The real drama of Bickel’s book revolves around this effort to combine purity with pragmatism.  Its weakness is perfectly captured by Gerald Gunther’s devastating taunt that Bickel insisted on one-hundred-percent devotion to principle twenty percent of the time.  As Gunther powerfully demonstrated in his 1964 Columbia Law Review article, it was difficult to see how the Court could maintain either its reputation for or the reality of apolitical neutrality by engaging in conduct that was concededly political.

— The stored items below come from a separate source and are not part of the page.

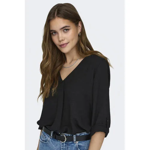 Deze top voor dames van JDY is gemaakt van polyester. Het model heeft een V-hals en halflange mouwen.details van deze top:• stijlnaam: JDYDIVYA• oprolfunctie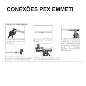 1) Cortar o tubo com a tesoura, garantindo que o corte seja perpendicular. 2) Introduzir anel deslizante 3) Alargar a extremidade do tubo com o alargador de tubos (não fornecido, procure em nossos anúncios). O alargamento deverá ser realizado gradualmente girando o alargador, expandindo progressivamente a ponta do tubo. 4) Introduzir a conexão na ponta alargada do tubo até a última nervura da conexão 5) Acionar a prensa por pressões sucessivas até o anel deslizante encostar na conexão
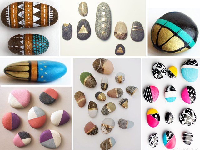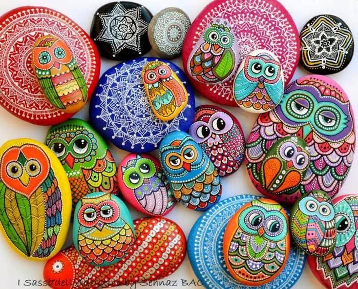 Pintar piedras, con motivos decorativos por el simple hecho de pintar, es divertido y entretenido, os dejo algunas ideas: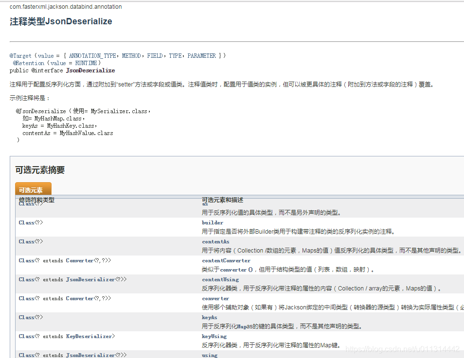 附:@JsonDeserialize使用方法详见:http://fasterxml.github.io/jackson-databind/javadoc/2.2.0/com/fasterxml/jackson/databind/annotation/JsonDeserialize.html
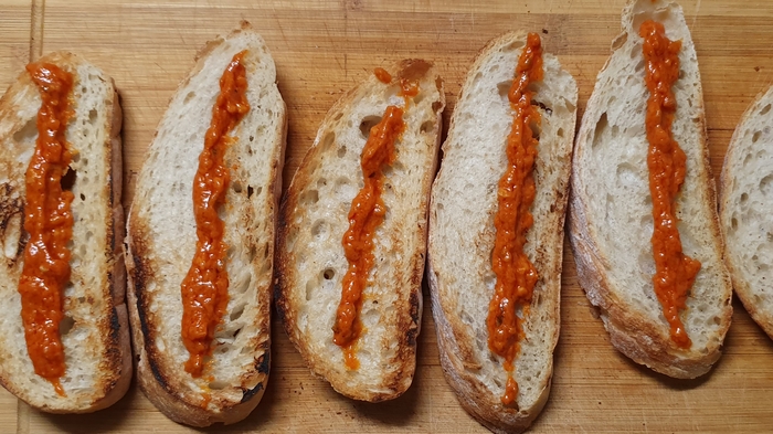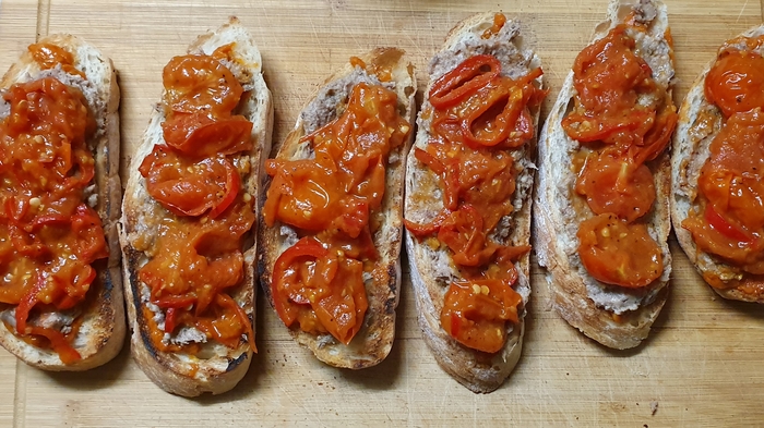 Значит, сушим чабатту, тушим томаты черри и болгарский перец или перец Рамиро с веточкой розмарина. Соль/перец/специи по вкусу. Я добавляю пару щепоток соли, чайную ложку свежемолотого перца (белый, чёрный, зелёный перец горошком) и сушёные лук и чеснок. Лучше, конечно, свежий чеснок, но не оказалось его под рукой.

Bickel left Gunther’s critique unanswered, and for reasons that are completely understandable:  an answer would have required admission that if the passive virtues were to serve their intended function, they could do so only by misleading the country. Bickel must have assumed that the Court could maintain its reputation for apolitical, principled adjudication while still acting politically because the country paid more attention to what the Court decided than to what it chose not to decide.  After all, for the parties involved in Naim, the Court’s disingenuous avoidance of the merits had precisely the same impact as a decision upholding the statute.  If the two results differed at all, the difference lay in how the alternative dispositions were (or would have been) perceived. A decision upholding the Virginia anti-miscegenation statute would be to legitimate naked racism, whereas a “non-decision,” somehow getting rid of the case on unprincipled and unstated grounds, would not.  Bickel and the Court were, in effect, betting on Brown creating banner headlines, while Naim slipped unreported through the news sieve.

The rhetoric of restraint

 Bickel’s defense of the Court’s lack of candor inevitably raises questions about his own.  Chief Justices Marshall and Roberts used the rhetoric of restraint to advance the cause of judicial power.  Did Bickel as well?  Perhaps it is true that the Court can better hide its politics when it refuses to decide than when it decides.  There may nonetheless be occasions when it can hide its politics well enough even when it decides.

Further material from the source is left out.